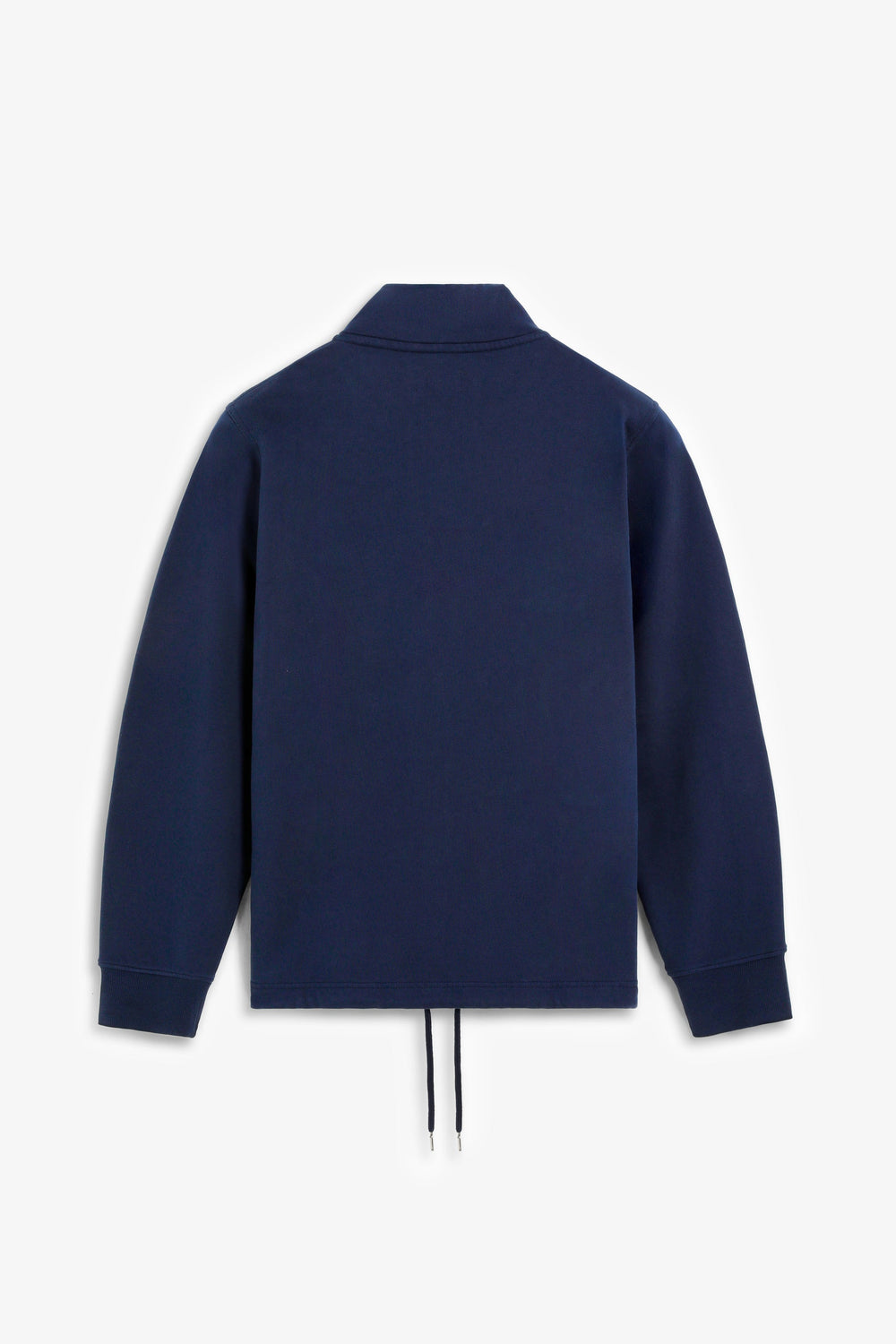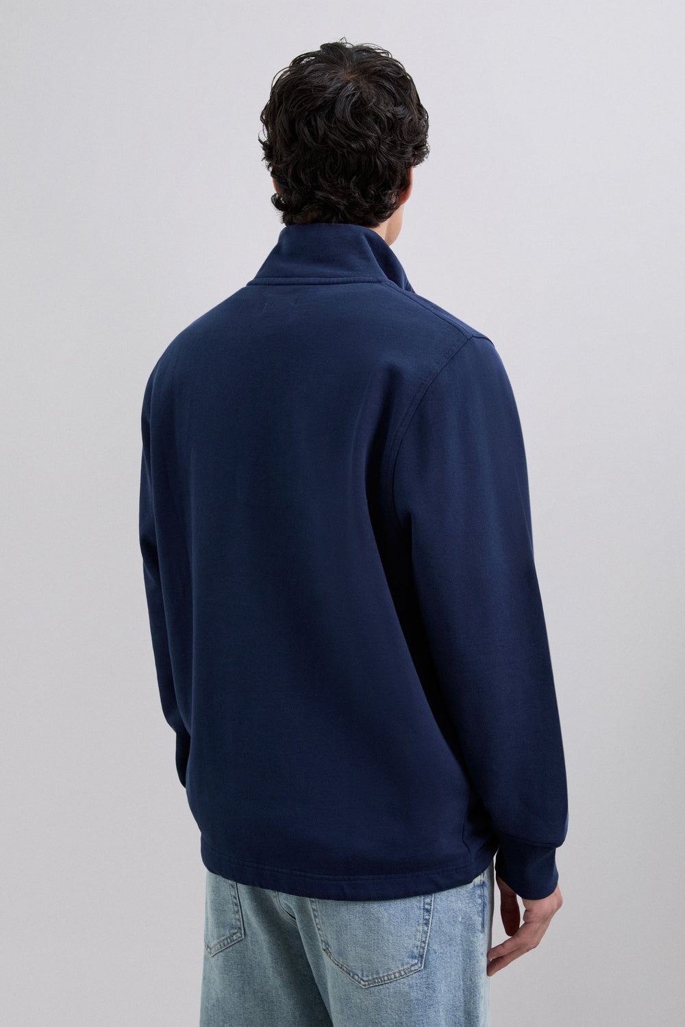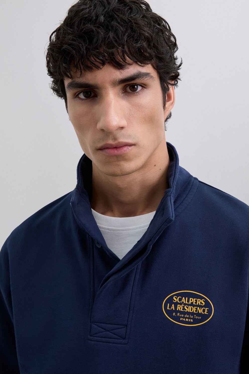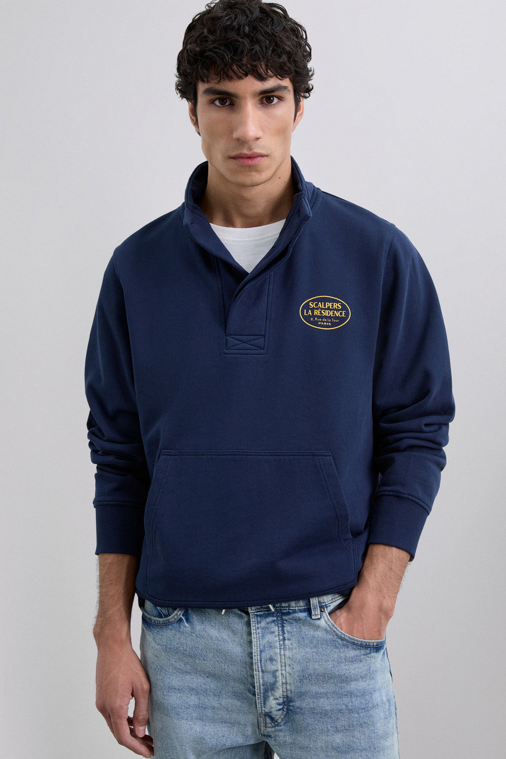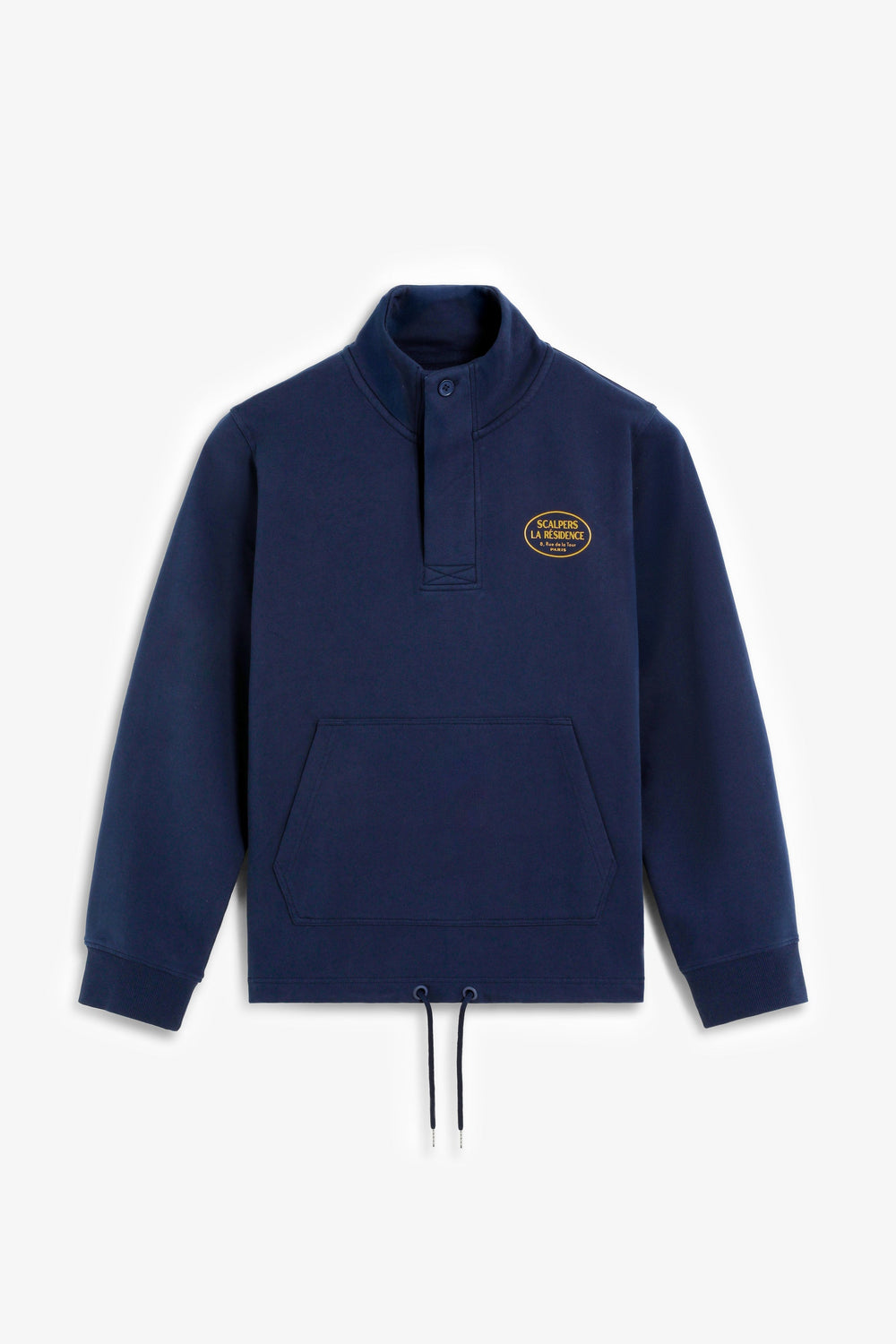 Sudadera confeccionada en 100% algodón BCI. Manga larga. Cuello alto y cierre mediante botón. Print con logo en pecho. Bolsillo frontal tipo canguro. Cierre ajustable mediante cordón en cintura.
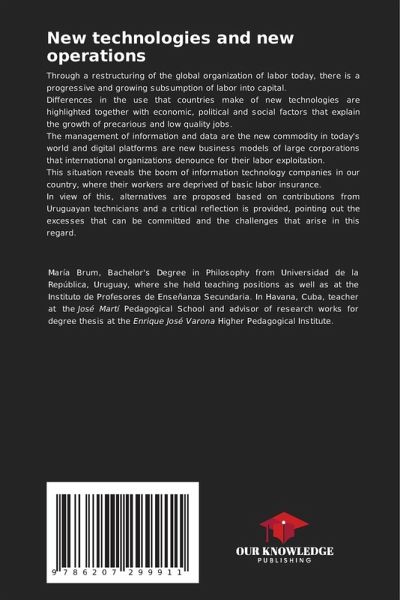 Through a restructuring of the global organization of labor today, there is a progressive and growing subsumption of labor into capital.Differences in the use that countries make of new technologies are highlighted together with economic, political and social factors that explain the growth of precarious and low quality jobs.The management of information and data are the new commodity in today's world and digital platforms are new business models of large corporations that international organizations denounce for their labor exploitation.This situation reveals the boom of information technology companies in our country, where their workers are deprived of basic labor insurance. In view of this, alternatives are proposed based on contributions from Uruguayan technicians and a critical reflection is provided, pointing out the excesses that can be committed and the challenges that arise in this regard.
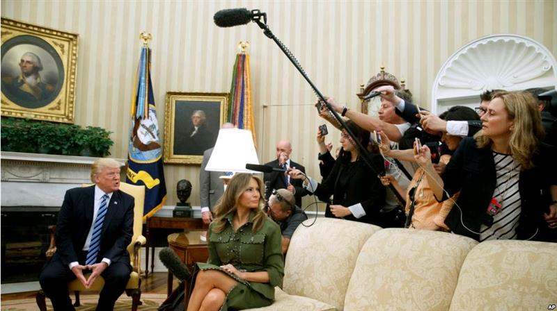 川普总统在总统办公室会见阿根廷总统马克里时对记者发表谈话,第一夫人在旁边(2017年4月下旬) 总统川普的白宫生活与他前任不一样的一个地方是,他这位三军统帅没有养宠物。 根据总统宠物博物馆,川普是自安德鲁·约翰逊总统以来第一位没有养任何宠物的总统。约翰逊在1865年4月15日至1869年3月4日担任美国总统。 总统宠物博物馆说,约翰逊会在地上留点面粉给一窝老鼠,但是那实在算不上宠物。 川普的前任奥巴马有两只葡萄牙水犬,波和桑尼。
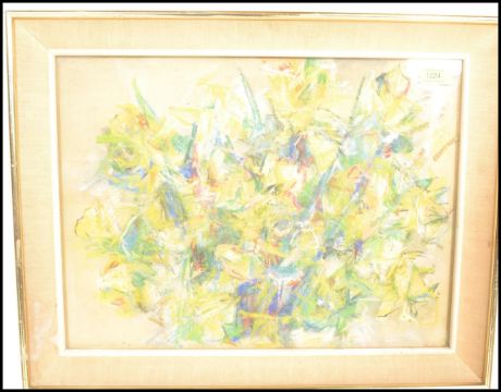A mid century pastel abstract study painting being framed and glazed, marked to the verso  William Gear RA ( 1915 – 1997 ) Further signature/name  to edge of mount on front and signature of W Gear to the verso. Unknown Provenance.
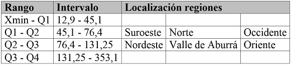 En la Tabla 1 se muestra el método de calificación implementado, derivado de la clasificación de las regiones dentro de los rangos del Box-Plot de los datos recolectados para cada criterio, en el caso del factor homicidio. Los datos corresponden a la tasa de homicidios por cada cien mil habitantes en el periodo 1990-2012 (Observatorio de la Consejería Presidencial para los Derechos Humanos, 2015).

TASK TO CARRY OUT:
Exact reproduction of the entries above is what's needed; images stay out.

RESULT BELOW:
 Sudadera confeccionada en 100% algodón BCI. Manga larga. Cuello alto y cierre mediante botón. Print con logo en pecho. Bolsillo frontal tipo canguro. Cierre ajustable mediante cordón en cintura.
 Through a restructuring of the global organization of labor today, there is a progressive and growing subsumption of labor into capital.Differences in the use that countries make of new technologies are highlighted together with economic, political and social factors that explain the growth of precarious and low quality jobs.The management of information and data are the new commodity in today's world and digital platforms are new business models of large corporations that international organizations denounce for their labor exploitation.This situation reveals the boom of information technology companies in our country, where their workers are deprived of basic labor insurance. In view of this, alternatives are proposed based on contributions from Uruguayan technicians and a critical reflection is provided, pointing out the excesses that can be committed and the challenges that arise in this regard.
 川普总统在总统办公室会见阿根廷总统马克里时对记者发表谈话,第一夫人在旁边(2017年4月下旬) 总统川普的白宫生活与他前任不一样的一个地方是,他这位三军统帅没有养宠物。 根据总统宠物博物馆,川普是自安德鲁·约翰逊总统以来第一位没有养任何宠物的总统。约翰逊在1865年4月15日至1869年3月4日担任美国总统。 总统宠物博物馆说,约翰逊会在地上留点面粉给一窝老鼠,但是那实在算不上宠物。 川普的前任奥巴马有两只葡萄牙水犬,波和桑尼。
A mid century pastel abstract study painting being framed and glazed, marked to the verso  William Gear RA ( 1915 – 1997 ) Further signature/name  to edge of mount on front and signature of W Gear to the verso. Unknown Provenance.
 En la Tabla 1 se muestra el método de calificación implementado, derivado de la clasificación de las regiones dentro de los rangos del Box-Plot de los datos recolectados para cada criterio, en el caso del factor homicidio. Los datos corresponden a la tasa de homicidios por cada cien mil habitantes en el periodo 1990-2012 (Observatorio de la Consejería Presidencial para los Derechos Humanos, 2015).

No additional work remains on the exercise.